American sports journalist

Lauren Sisler is a sports broadcaster who joined ESPN and SEC Network in 2016 as a sideline reporter for both college football and gymnastics. In 2017, she became a reporter for SEC Nation. In addition, she continues to serve as a sports reporter and host at AL.com.

==Early life and education==
Sisler is a native of Roanoke, Virginia, she graduated from Giles High School, the same high school where future ESPN co-worker Marty Smith (reporter) attended. She was the captain of her gymnastics team at Rutgers University and graduated in 2006 with a communication degree and honors from the School, Information and Library Studies (SCILS). She worked at the Rutgers University Television Network as a sports reporter and segment producer and had an internship at CNBC. Initially, she majored in Sports Medicine before changing to Communications.

== Career ==
Prior to working at ESPN, Sisler returned to her hometown of Roanoke, Virginia to start her career at WDBJ where she worked as a photographer and editor covering local high school and college sports before moving on to WTAP in West Virginia as a weekend sports anchor. Sisler then moved to Birmingham, Alabama to work at the CBS affiliate WIAT. In 2014 and 2015, she was named Best Sports Anchor by the Alabama Associated Press. In June 2017, she was awarded a regional Emmy for producing an interview between Charles Barkley and Nick Saban.

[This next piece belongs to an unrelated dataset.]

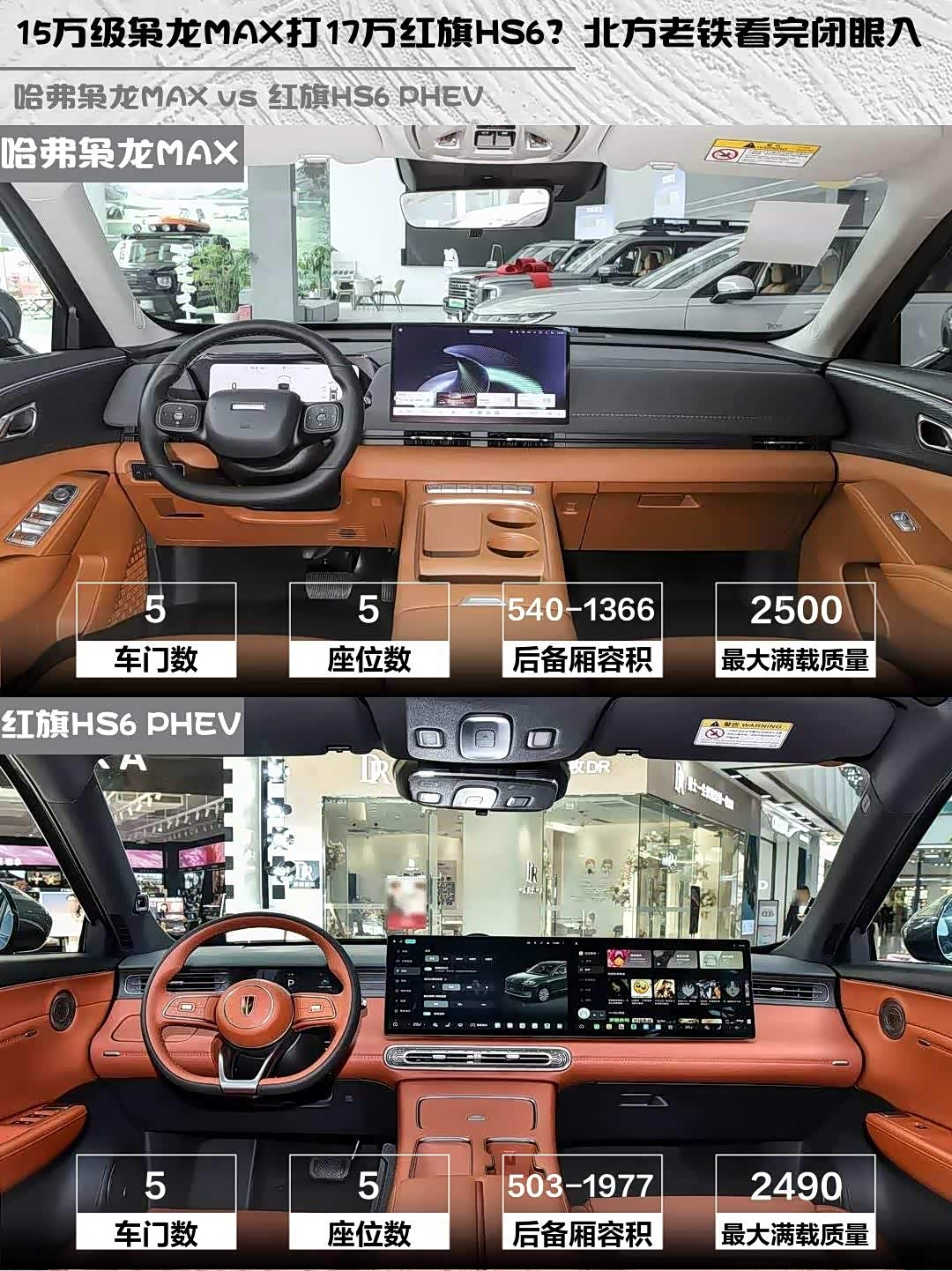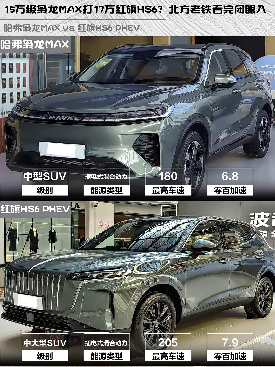 最近在纠结哈弗枭龙MAX和 红旗HS6 PHEV(参数|询价)这两款插混SUV的兄弟们看过来!作为深度体验过两台车的“老司机”,今天就从实际用车场景带你们盘一盘这两台国产狠货的区别👇

== "The Sideline Shimmy" ==
Sisler has become a YouTube sensation for "the sideline shimmy," a dance she first burst into during a game she was broadcasting early in her ESPN career to help her shake her nerves about being on camera. "What I started doing was dancing on the sidelines, because really, it helped me to take that nervous, anxious, excited energy, that was paired with adrenaline, that had me going a million miles an hour, helped me to slow down and just soak it all in," she said.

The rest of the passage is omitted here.